Complementing such aspects, the in-vehicle information systems
providing weather-related data reports may comprise suitably
modified, in-vehicle position-tracking systems, such as would be
installed in long-haul trucks and other highway vehicles. Indeed,
in one or more aspects taught herein, existing vehicle sensor data
and other information is exploited to measure or infer weather data
in a road-going vehicle, such that existing position-tracking and
other types of in-vehicle information systems may be configured to
report weather-related data without need for adding additional
sensors, etc. However, sensors may be added as needed or
desired.
Of course, the present invention is not limited to the above
features and advantages. Those skilled in the art will recognize
additional features and advantages upon reading the following
detailed description, and viewing the accompanying drawings.

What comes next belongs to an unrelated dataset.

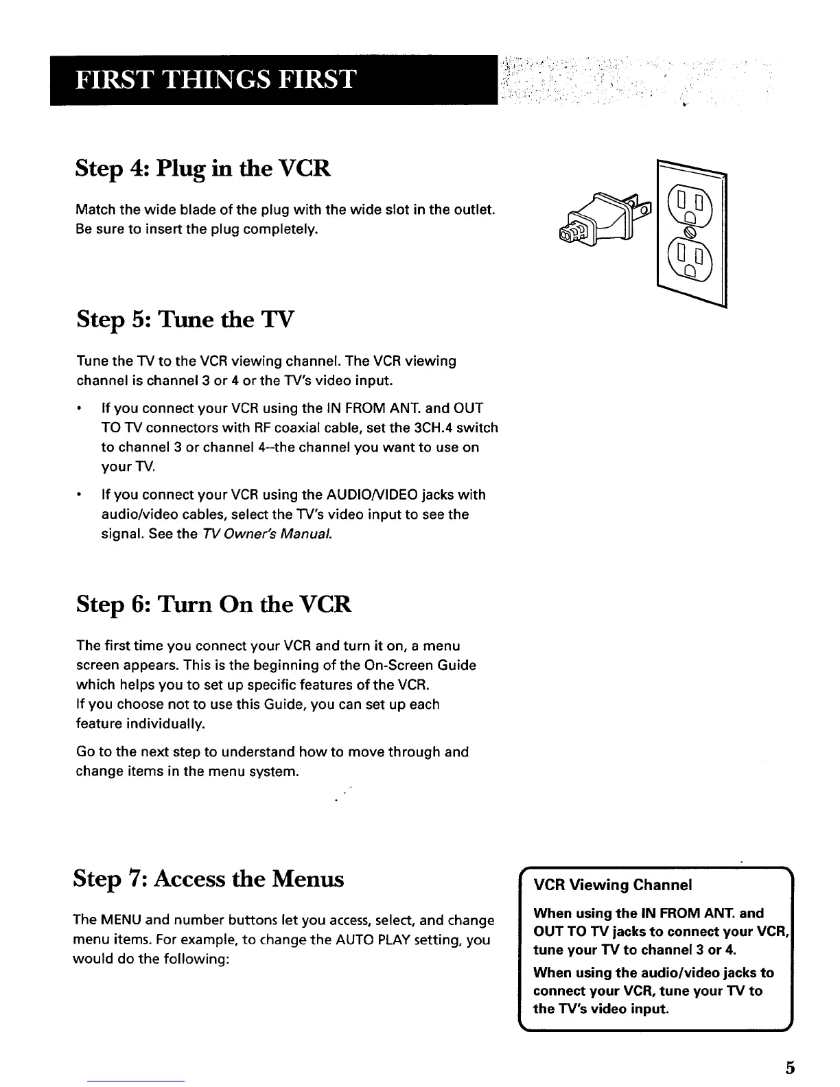 Tune the TV to the VCR viewing channel. The VCR viewing

BRIEF DESCRIPTION OF THE DRAWINGS
FIG. 1 is a block diagram of one embodiment of a
weather-determining system having direct or indirect communication
links with a number of road-going vehicles in one or more
geographic areas;
FIG. 2 is a logic flow diagram of one embodiment of processing
logic for an in-vehicle information system configured to provide
weather data from a road-going vehicle to a remote
weather-determining system;
FIG. 3 is a diagram of one embodiment of a weather data message
reported by an in-vehicle information system to a remote
weather-determining system;
FIG. 4 is a block diagram of one embodiment of an in-vehicle
information system configured to provide weather data from a
road-going vehicle to a remote weather-determining system;
FIG. 5 is a logic flow diagram of one embodiment of processing
logic for a weather-determining system configured to determine
weather information based on receiving weather data from a
plurality of road-going vehicles;
FIG. 6 is a block diagram of one embodiment of a
weather-determining system configured to determine weather
information based on receiving weather data from a plurality of
road-going vehicles;
FIG. 7 is a block diagram of one embodiment of functional
processing logic for determining precipitation-related weather
information based on processing wiper speed information from a
plurality of road-going vehicles; and
FIG. 8 is a block diagram of one embodiment of functional
processing logic for determining weather information from weather
data reported by a plurality of road-going vehicles.
DETAILED DESCRIPTION
FIG. 1 illustrates a weather-determining system 10 having direct or
indirect communication links to a plurality of road-going vehicles
12 that are configured to report weather data to the
weather-determining system 10. In turn, the weather-determining
system 10 processes the reported weather data to determine weather
information for one or more geographic regions. For example, by
exploiting reported weather data from the tens, hundreds, or even
thousands of road-going vehicles 12 in any given geographic area of
the world--city, county, etc.--the weather-determining system 10
can determine statistically reliable and richly detailed weather
information for that given area. Effectively, the plurality of
road-going vehicles 12 operate as a distributed system of thousands
or hundreds of thousands of rolling weather stations providing
real-time or near real-time weather data.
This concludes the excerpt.